I'm proud of what I've accomplished: I cleared my Santa Fe cabinet, my night table's drawers, and two rows of shelves....and I found my gold chain that I've been missing since New Year's Eve (from my Dad's mum), as well as filled up all the darn raffle stubs! Woot! Go, me! Next--to sort the pictures I found, go down memory lane while I'm at it.
I finally went to my ENT. Ugh, sinusitis and middle ear infection, congested nasal passageways and irritated eustachean tube from the darn construction next door going on since frickin' OCTOBER. (Maybe that's why I've been having difficulties with balance lately, getting dizzy so easily, too. Now I've been prescribed with a heady cocktail of antibiotics and steroids. Whoop-de-doo. Who am I kidding: I hate having to take drugs.) They said they'd finish by December, but now they push it to March. What the heck. So we have to suffer--from the dust, and the rats and roaches. Eeeeew. Because of them, I...had to....kill a *gulp* roach. Eeeeeeek. I hated it: gave me the willies and the heebiejeebies. Oh and the way it splatted sickly against my slipper? Holy hell. I washed my legs, my neck, my hands, my arms, the inside of my elbows. Oh grossgrossgrossGROSS. (NOT VEGAN!) Of course, the slipper had to be scrubbed to high heavens. Then one of our helpers killed this humongous rat today. Eeeeeek.So please God, let them be finished SOON.
This much time on my hands gives me ample rest, but also ample time to endlessly loop thoughts--some useless and irrational. Yet another of the kind is bothering me yet again. To contact or not to contact? That is the question. I've been missing D again--not as bad, but still there, wondering how D is, etc. I admit I still fantasize a bit if we were together, but heck, practicality comes crashing in and the worrywart part of me acknowledges it would be a very difficult road to take--my parents potentially disowning me, and having to prove myself time and again in the workforce, having no one else to really provide for me, no secure, legal future with D, no medical benefits, etc. So that part of me tells me to run like hell in the opposite direction....but I still miss D and would like to be friends again. I just worry D might want more, again...and if I do, too.

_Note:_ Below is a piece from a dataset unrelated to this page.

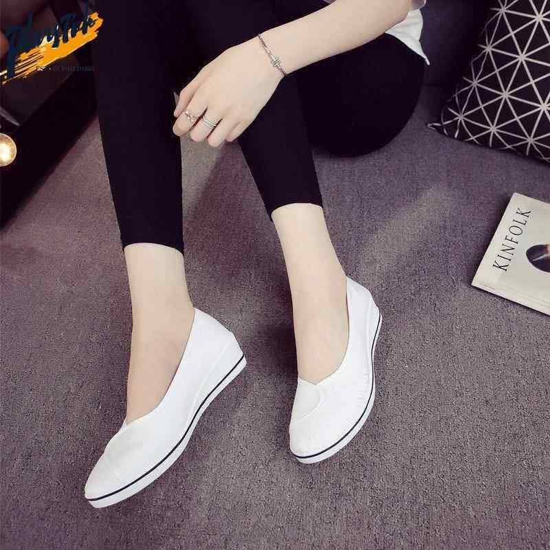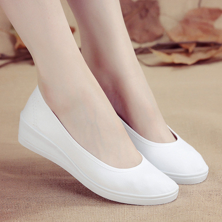 一字护士鞋白色坡跟帆布鞋女美容院上班鞋软底防滑透气医护工作鞋
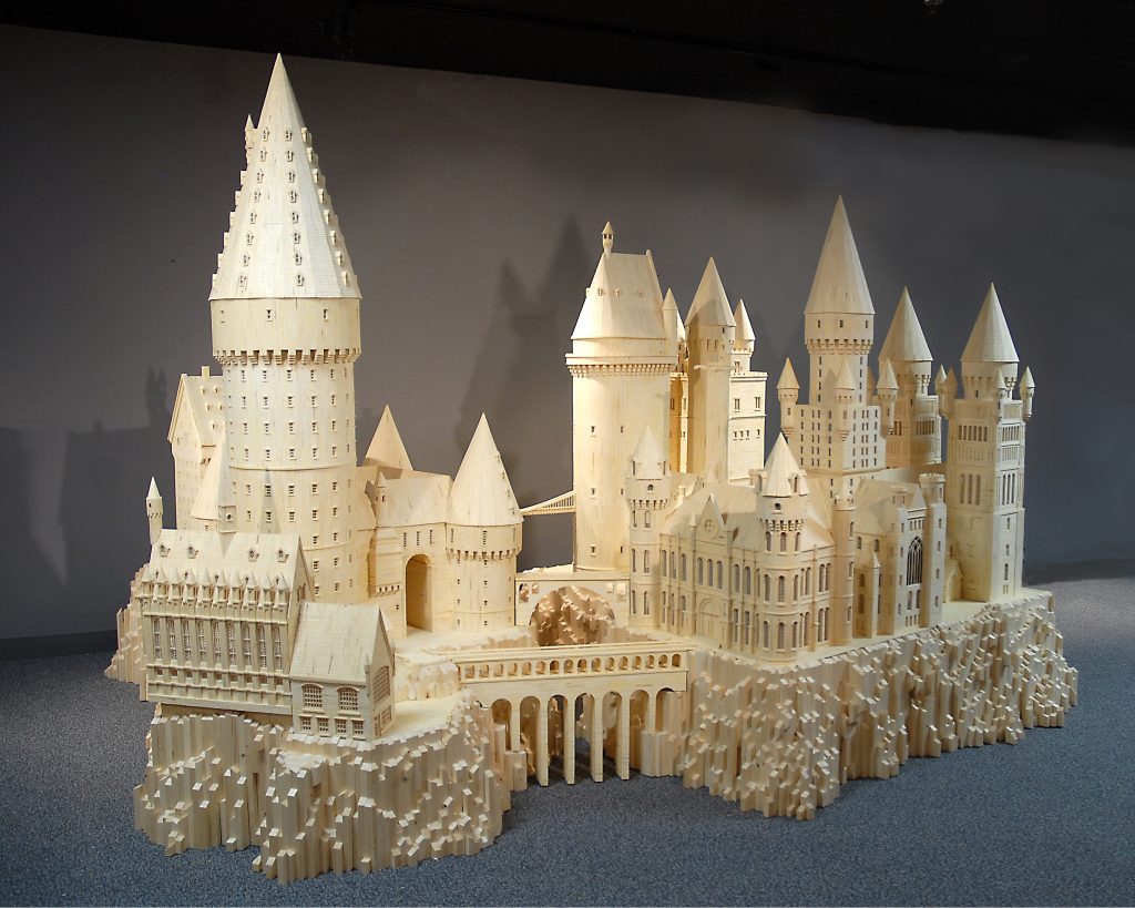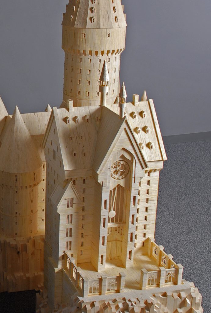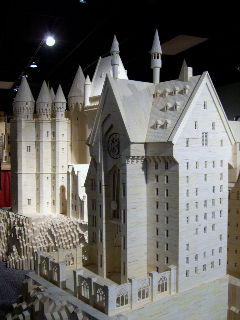 Fun Fact: Patrick had a difficult time finishing Hogwarts during the three years that it took to build the matchstick model because Hollywood released a new movie during that period that had changed the architecture of some of the buildings, and added addional buildings to the to the school grounds. Not all these changes are reflected in Patrick’s model, but all buildings are represented in the model excluding one, the Hogwarts’ owlry.

I've also been trying to rekindle old relationships--those I set aside, forgetting how much I treasured them. Perhaps there are second chances; perhaps it's still not too late.
With the time on my hands, which my folks will hopefully not harass me about, I'm hoping to be strong enough to fly away soon--and be accepted with no trouble. oh Lord, please may it be. As F says, "Teh-REE-sa! You have to be stuh-RONG!" Indeed. Hope against hope, I must.